Le bilan est certes alarmant, mais il est important de comprendre que l’apiculture moderne s’est construite avec les mêmes contraintes que le monde moderne dans son entier. Elle a une histoire, et il va nous falloir la comprendre pour remédier à ses nombreux excès.

De l’antiquité à la ruche moderne

Dés l’antiquité, via l’invasion romaine de nos territoires, l’idéologie d’un monde naturel dédié uniquement à l’activité humaine émerge. L’homme, mis sur un piédestal par les nouvelles croyances de l’époque, commence à considérer que ce qui est sauvage est vulgaire, destiné à être amélioré par l’activité humaine et l’agriculture. Dès lors, l’être humain se détache du reste du monde vivant, et commence à se considérer comme extérieur à ce monde, voir supérieur à lui.

C’est cette idéologie qui domine au moyen-âge, et entraîne l’exploitation massive des ressources disponibles, principalement le bois. S’ensuit une croissance démographique, donc une expansion des villes et une sur exploitation des forêts: ce sont les défrichements massifs. A la fin du moyen-âge déjà, l’abeille a un habitat naturel très fortement impacté par l’être humain. Concernant la France, qui était presque couverte de bois au début de la période, il ne nous reste que dix pour cent des forêts après les défrichements.

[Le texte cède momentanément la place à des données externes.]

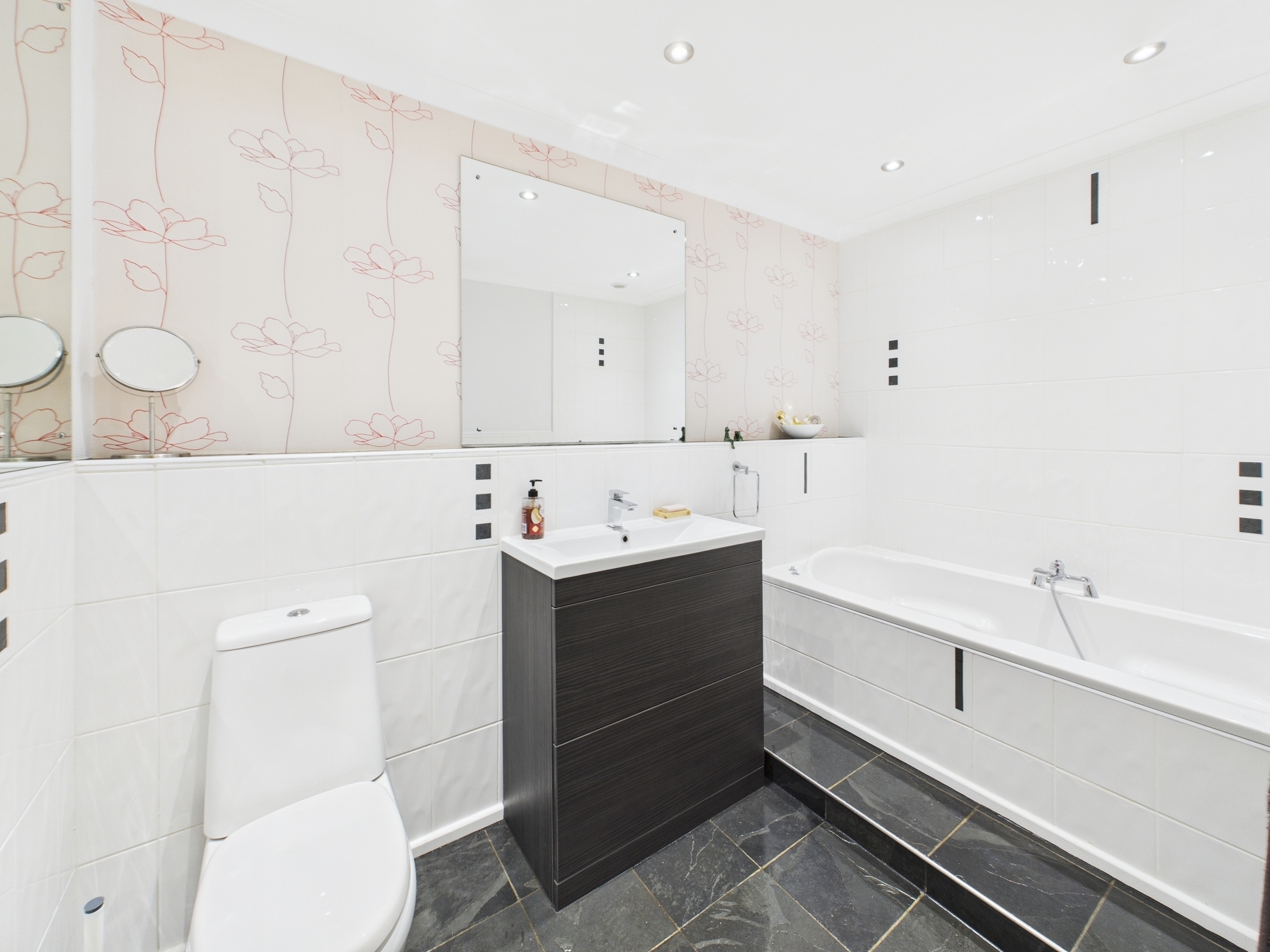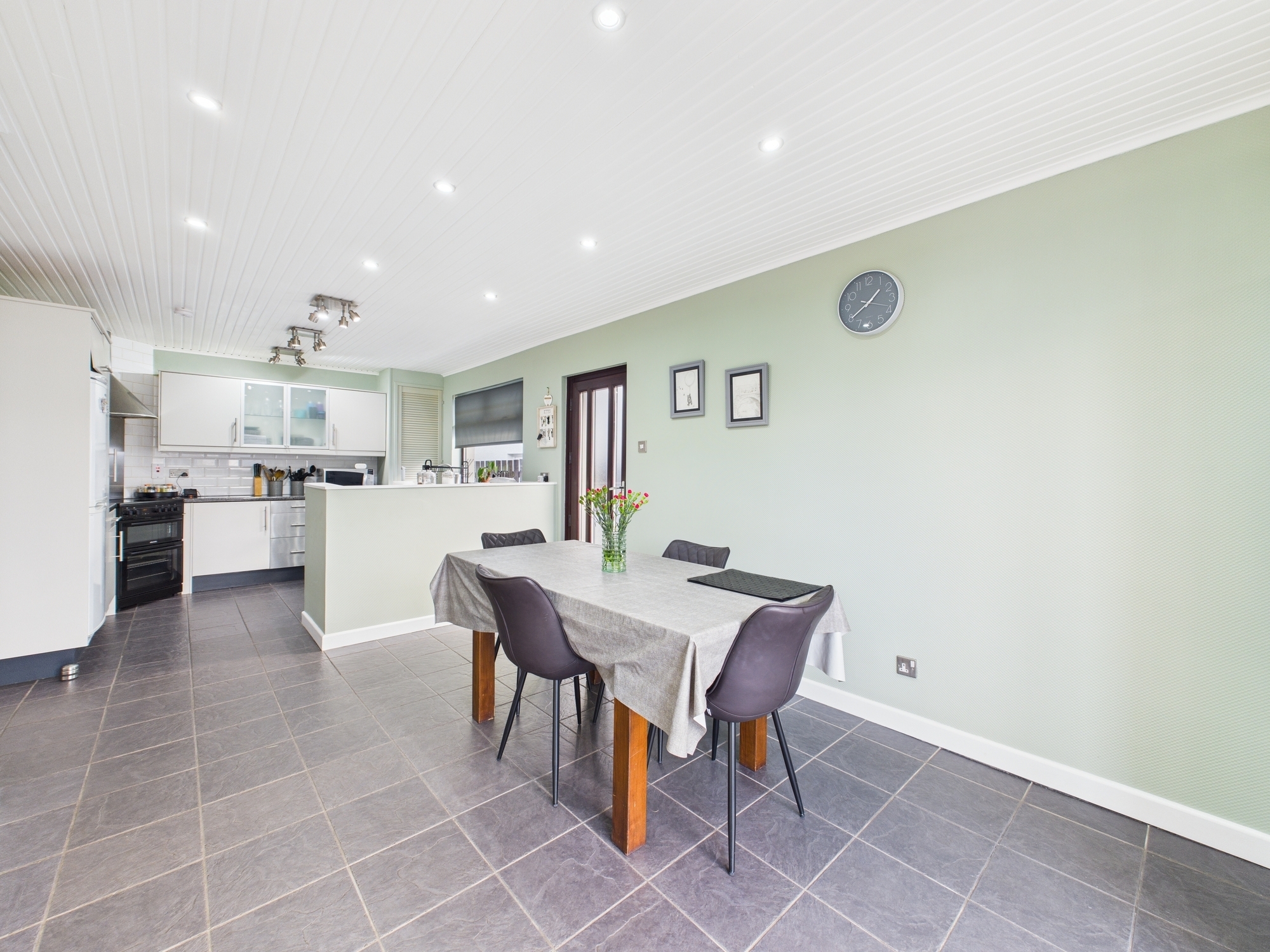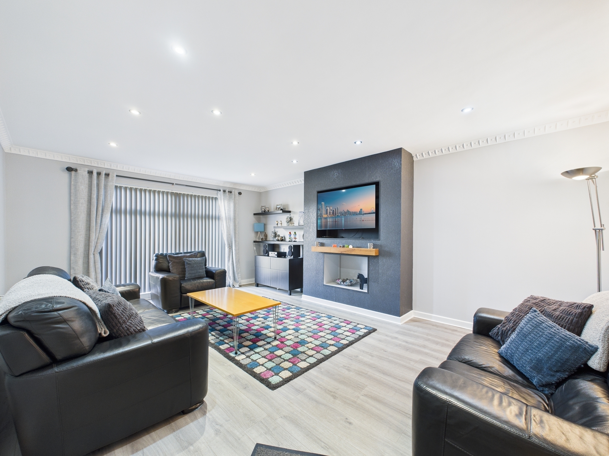 On entering, you are welcomed by a bright and spacious hallway providing access to all main apartments. The formal lounge boasts a stylish media wall, a large picture window allowing for an abundance of natural light, and ample space to accommodate a range of furniture. The modern fitted kitchen/diner features generous storage, space for white goods and a dedicated dining area ideal for family meals or entertaining.

Les sources sont difficiles à trouver sur ce sujet, mais on peut supposer qu’un commerce d’essaims se met en place via les murs à abeilles dès le XVIIIème siècle. Cela pourrait signifier que la ressource «abeille» n’est plus assez disponible à l’état naturel, c’est à dire gratuitement en récoltant des essaims sauvages.

Jusqu’au XIXème siècle, les essaims d’abeilles issus du monde sauvage s’épanouissent dans des ruches en paille.(Source: Département de la Manche, Association Pistil)

La révolution de la ruche à cadres

Avec l’invention de la ruche à cadre, au milieu du XIXème siècle, l’apiculture change profondément. En effet, là ou nous avions des ruches « fixes », dans lesquelles les abeilles vivaient à leur guise malgré les interventions humaines, nous pouvons désormais gérer la colonie d’abeilles en intervenant rayon par rayon. Cela ouvre la voie de l’artificialisation, et très rapidement, les premiers essaims artificiels sont créés, les premier élevages de reines par l’apiculteur sont réalisés, la production de miel est optimisée. Et quelques décennies plus tard, l’apiculture devient un métier à part entière, une spécialisation agricole parmi d’autres. Et comme toutes les productions agricoles, elle va bénéficier de la modernisation des outils.

Durant les années 1920, les premières transhumances mécanisées apparaissent, on peut déplacer les ruches sur de longues distances, et les faire produire plusieurs variétés de miels. Dans les années 1950, les coopératives ont installés des chaînes d’empotage industrielles, le miel est devenu un produit de consommation comme les autres. L’apiculture moderne se développe de concert avec l’agriculture intensive, profitant de l’implantation des grandes cultures mellifères, comme le colza ou le tournesol, particulièrement après les années 1970 (voir Ref3). Certaines peuvent rapporter beaucoup de miel, et certains apiculteurs vivent un «âge d’or» jusque dans les années 1980.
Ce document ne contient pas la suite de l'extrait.